Medium-sized hospitals with around 500 beds (although highly variable), up to 160 residents, and between 100 and 500 physicians; somewhat complex case mix (1.39 on average).

Group 2

Many hospitals fall into this group. They have less than 500 beds and feature limited teaching activity, although some of them offer 8 residency specialties. These hospitals may have some high-tech equipment and a maximum of 2 complex departments. Their case-mix index is higher than 1, with an average value of about 1.3.

Group 1

Small hospitals with almost no high-tech equipment, a case-mix index below 1, and fewer than 200 physicians.

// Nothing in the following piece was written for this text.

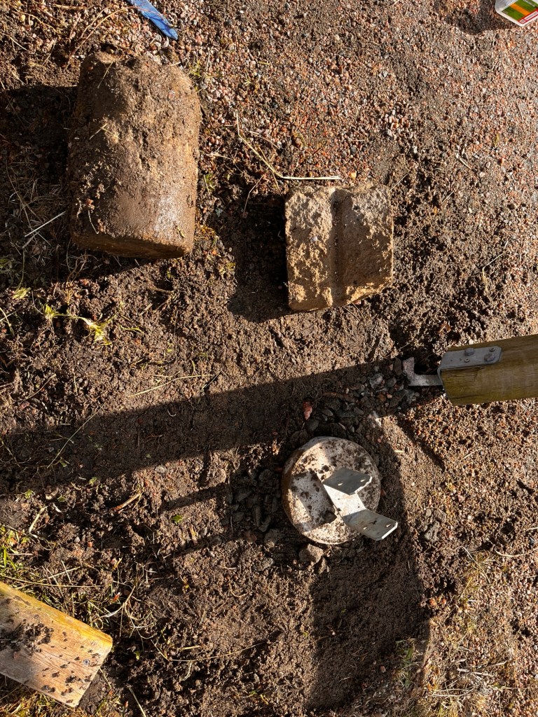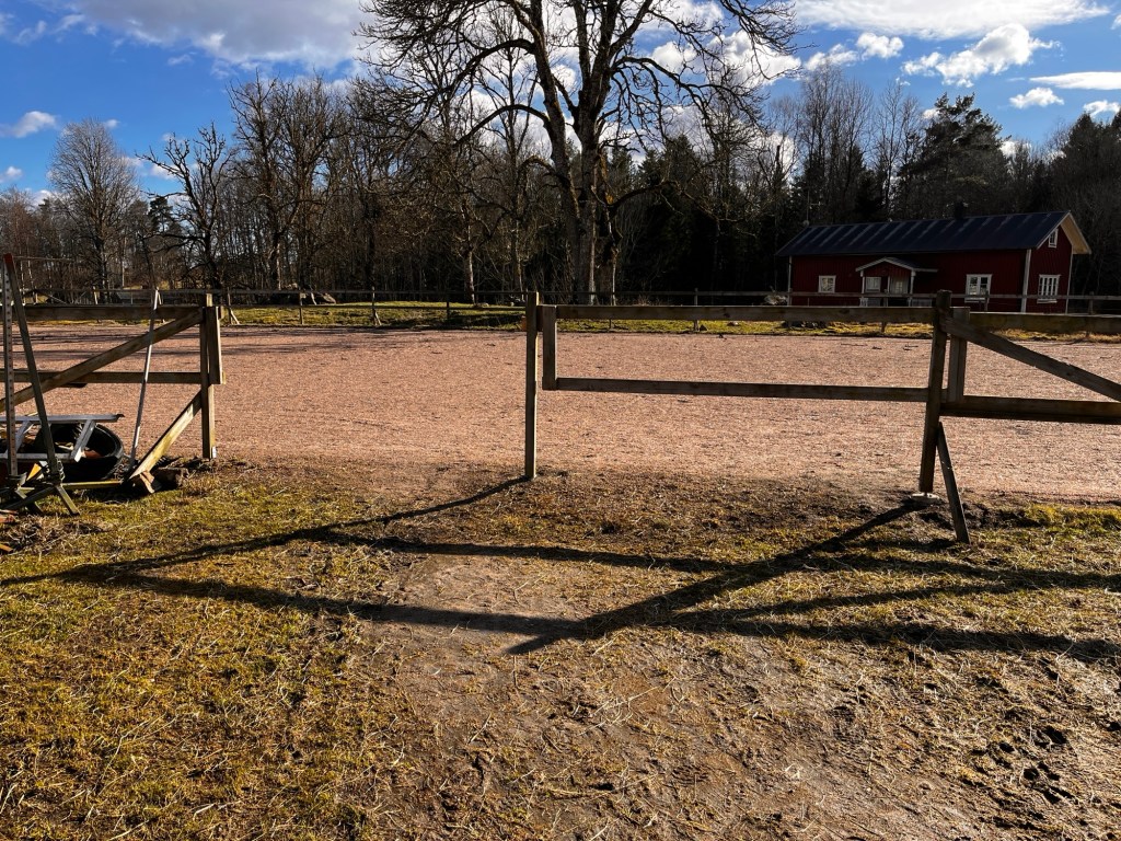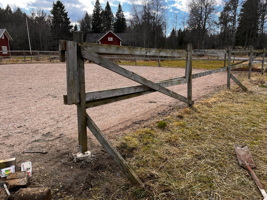 Axel och Ulf jobbade med träd hela förmiddagen, de tog hand om de träd som trillat över staketet in till hästarnas vinterhage, så staketet kunde stå upp ordentligt och så att hästarna kunde ta sig ut i den stora delen av vinterhagen. Sen åt Axel lite tidig lunch och sen tog han med sig Pussel och åkte till veckans jobb i Harnäst, så jag och barnen blev kvar hemma. Vi tog tag i ett annat projekt som stormen skapat, en bit staket till paddocken hade nämligen också blåst sönder. En slana var nerblåst och en av plintarna vid grindöppningen hade spräckts i två delar och den stolpen stod således inte så bra längre. Men lyckligtvis visste jag att vi hade en extra plint kvar sen vi byggde staketet för 8-9 år sedan (den som spar…) så jag letade upp den, skruvade loss lite staket, grävde upp den trasiga plinten och ersatte den med den nya! Inte illa va!

In the second stage, we selected cases using simple random sampling, calculating the size of the sample for a selection error of 12% of the sample for the principal diagnosis, with a 95% confidence interval, and 3.2% accuracy. The total number of discharge records was 11209. The assessment was conducted during the second semester of 2011 and followed a previously established review process in every hospital. Teams of 4 raters undertook this task for 3 days (72 in total). Each rater extracted data from histories and established a new MBDSD for the sample. They had access to the original MBDS previously recorded by the hospital. They also had a “Manual for the assessment of the MBDS on admission” from the SNHS, containing common assessment criteria. All raters had at least 3 years of previous experience in MBDS clinical coding and had completed refresher courses on coding in the preceding 3 years. Furthermore, they were not professionally linked to the hospitals they were assessing.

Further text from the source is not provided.